▶ ABOUT THIS EXERCISE: The lines below, from the first through the one containing "- At the login", are to be given again exactly, with pictures left out and nothing added.

Dataset items:
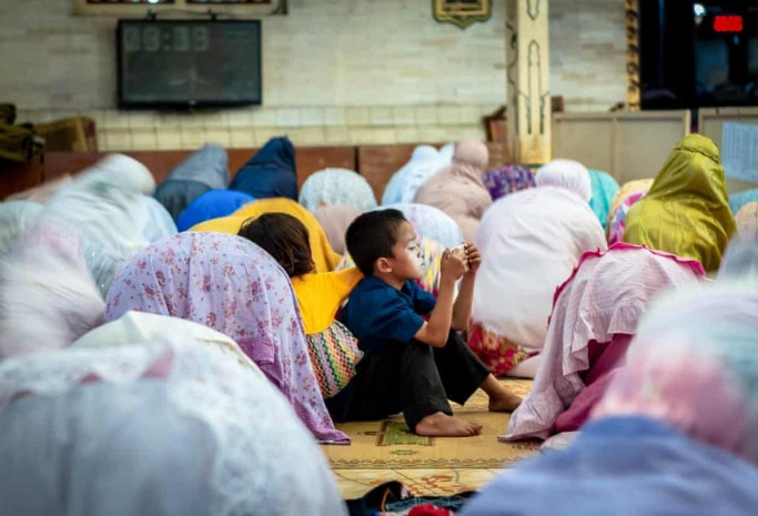 Bé trai sử dụng điện thoại tại một nhà thờ ở Indonesia (Ảnh: Guardian).
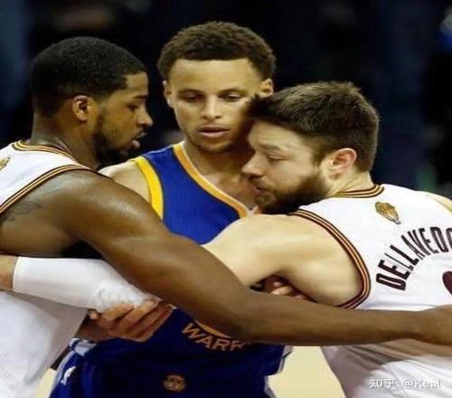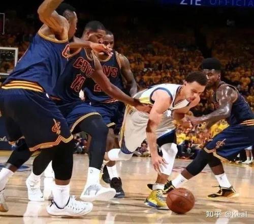 拉拽推抱都無法形容庫裏麵對的防守,隻能說觀感上,庫裏更像是每時每刻身上都掛了不止一個人在打球。
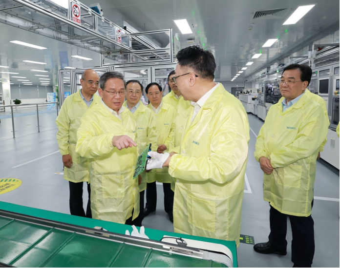 這是7月2日,李強在蘇州匯川技術有限公司參觀生產車間,了解企業研發生產等情況。新華社記者 王曄 攝
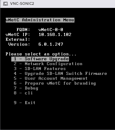 - At the login prompt enter username admin and the administration password configured in the menu during installation. These are the credentials you entered in step 3 of Configure the vNetC from the Console.
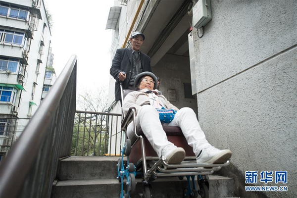 4月11日,在桐廬縣桐君街道,老伴陳洪明推著吳素環(huán)下樓前往中國(guó)盲文圖書(shū)館桐廬縣支館為視障人士解說(shuō)電影《可可西里》。新華社記者 翁忻旸 攝
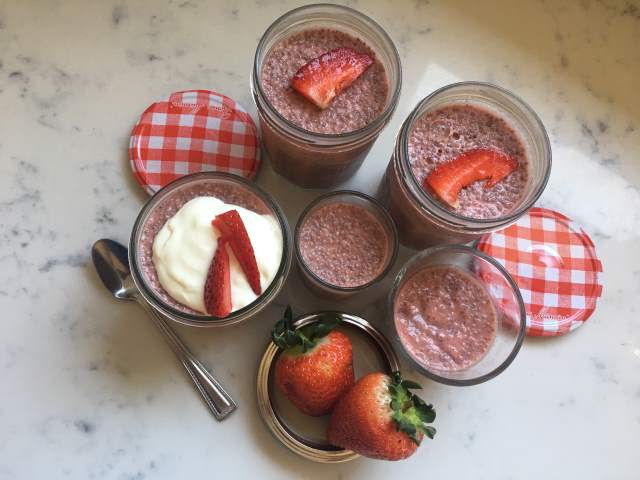 4) Portion into jars, glasses or pots and place in the fridge to firm up and set for four hours (or overnight).
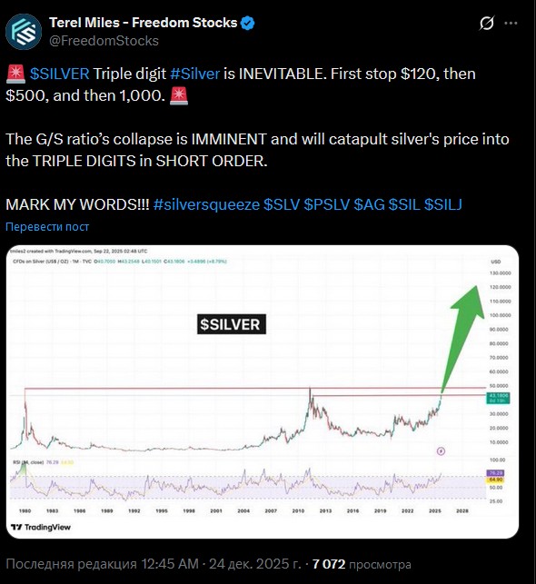 Естественно, на этом фоне половина где-то аналитиков вангует какой-то глобальный финансовый коллапс, когда все рынки и все валюты рухнут в одночасье. И мы придерживаемся именно такой точки зрения. Однако, другие и не менее умные люди вангуют, что пока коллапса не будет и серебру еще предстоит взлететь сначала до трехзначных, а потом и до четырехзначных цифр:
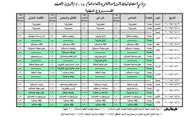 أعلنت وزارة التربية والتعليم، الخميس، عن البرنامج الأولي لامتحان شهادة الدراسة الثانوية العامة/ الدورة الصيفية للفروع الاكاديمية والمهنية للعام 2015.
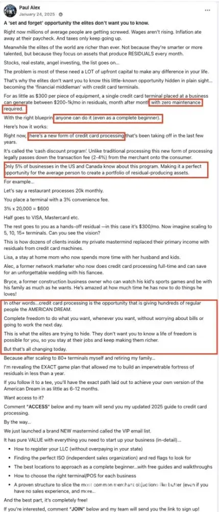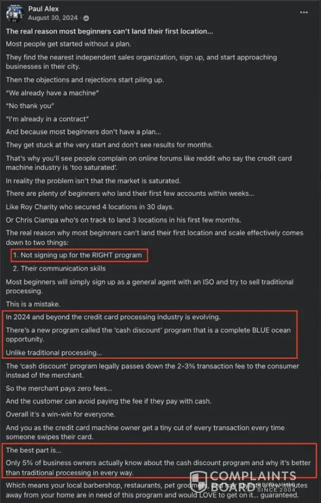 They also make deceptive claims that (in their words) other ISOs "suck" and their 'cash discount' program is new and little known as a "massive blue ocean" opportunity. Paul Alex makes some pretty bold claims that merchants would "LOVE to get on it...guaranteed". This couldn't be further from the truth. Ask and investigate beyond the surface. In my experience, many merchants were already on or apathetic to it because I was the 10th cash discount salesman in their door that week, and plenty others have in fact switched off because of bad experiences with disreputable processors. Naturally, I voiced concerns.

▶ TASK SOLUTION:
 Bé trai sử dụng điện thoại tại một nhà thờ ở Indonesia (Ảnh: Guardian).
 拉拽推抱都無法形容庫裏麵對的防守,隻能說觀感上,庫裏更像是每時每刻身上都掛了不止一個人在打球。
 這是7月2日,李強在蘇州匯川技術有限公司參觀生產車間,了解企業研發生產等情況。新華社記者 王曄 攝
 - At the login prompt enter username admin and the administration password configured in the menu during installation. These are the credentials you entered in step 3 of Configure the vNetC from the Console.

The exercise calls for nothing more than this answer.